Merdiveni tek kolumun altına alıp bahçeye giriş yaptım. Hangi ağaçtan toplasam diye karar vermeye çalışırken arkamdaki ağaçtan birtakım sesler geldi .Arkama döndüğümde hiçbir şey göremedim. Büyük ihtimalle bir kuştu .Önüme döndüğümde arkamda korkmamı sağlayan  büyük bir gümbürtü koptu .Korkuyla birkaç adım kendimi öne attım ve hemen arkama döndüm.
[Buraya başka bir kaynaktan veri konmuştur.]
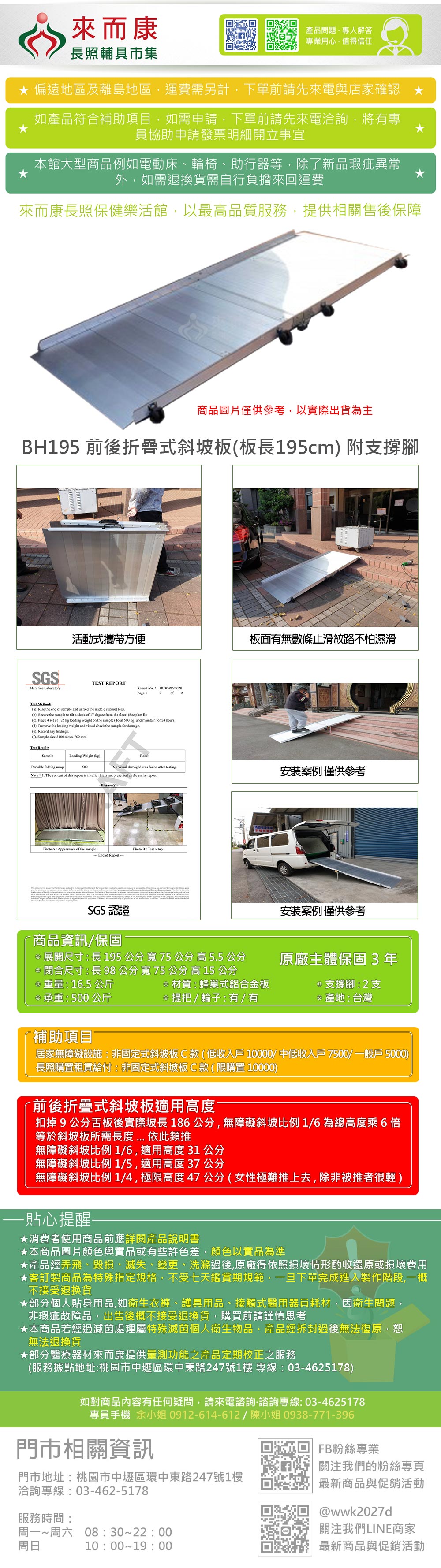 BH195 前後折疊式斜坡板(板長195cm) 附支撐腳 台灣製 斜坡板 斜坡板補助
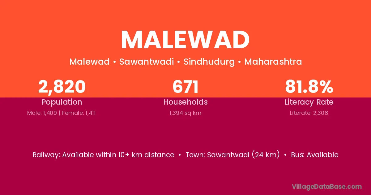 Sawantwadi (24 km) is the nearest town to Malewad village for major economic activities and is located approximately 24 km away.
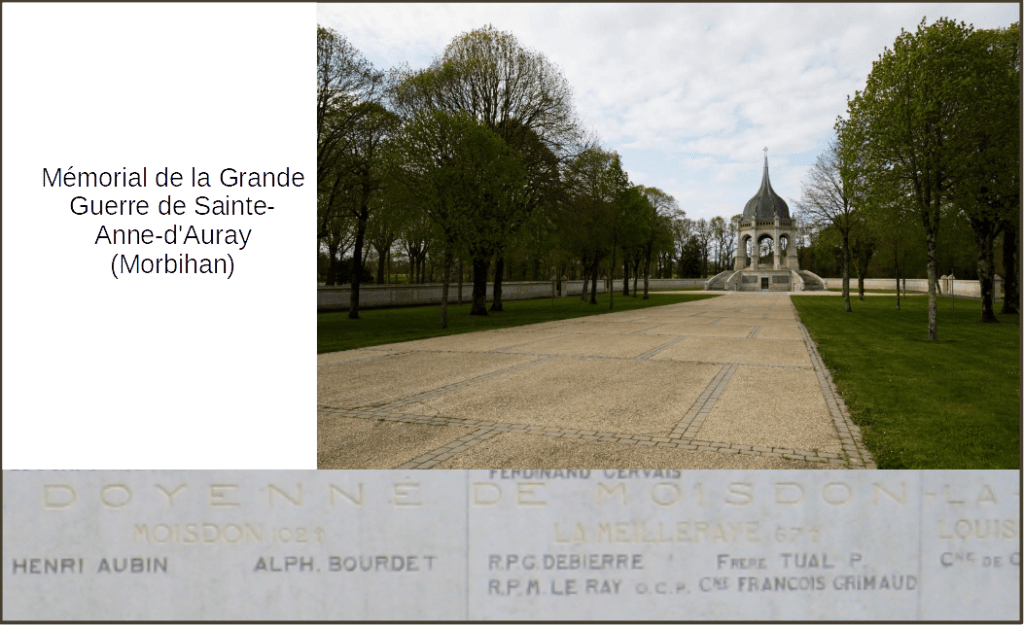 - le Mémorial de la Grande Guerre de Sainte-Anne-d’Auray. Il a été édifié pour garder le souvenir des « 240 000 Bretons victimes de la Première Guerre mondiale ».
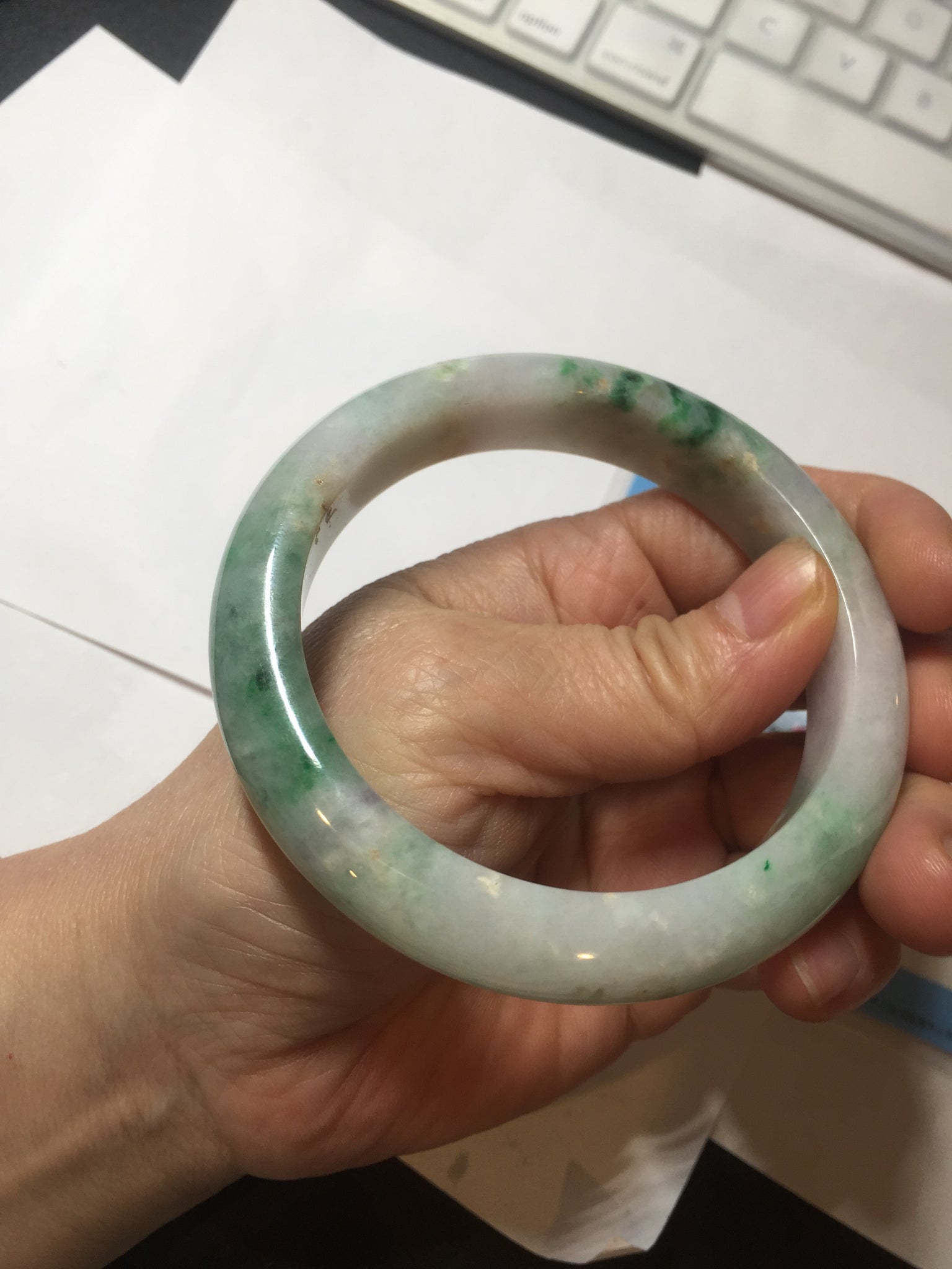 60.5mm certified Type A 100% Natural light green sunny green light purple Jadeite Jade bangle BK140-5278
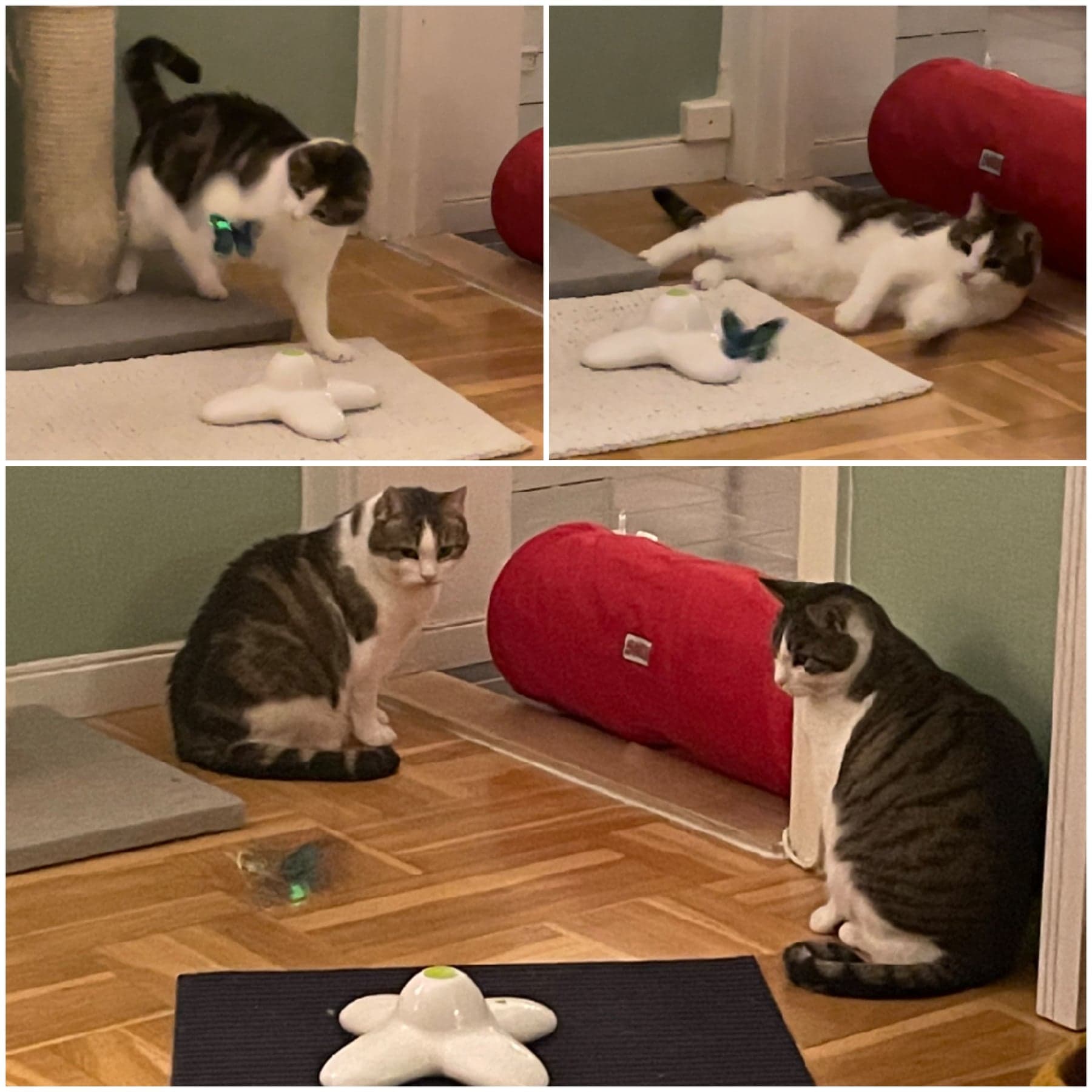 Hej! Här har katterna extra mycket balkonghäng nu när solen lyser mer och varmare på dagarna. De har också fått en sån där rolig leksak med en flaxande fjäril som kompisarna på katthemmet har. Den har gjort succé även hos Mörbyligan och framförallt Leffe & Nina leker med den så fort den kommer fram.

Kiraz ağacımızın orta büyüklükte bir dalı ve onun üstünde sen yerde uzanıyordun. Ağzından canının yandığına dair birkaç inleme dökülmüştü. Ben dehşete düşmüş bir şekilde sana bakarken sen bakışlarımı  farkettin ve ağzın yüzün yediğin kirazların etkisiyle kıpkırmızıyken- kulağında da bir çift kiraz asılıydı- bana kocaman gülümsedin.

Hayatıma bu şekilde girdin isimsiz kuş ve ben de verebileceğim en büyük tepkiyi verdim .Seni sevdim .

Çok heyecanlıyım  ve şimdilik kocaman bir merhaba diyorum :))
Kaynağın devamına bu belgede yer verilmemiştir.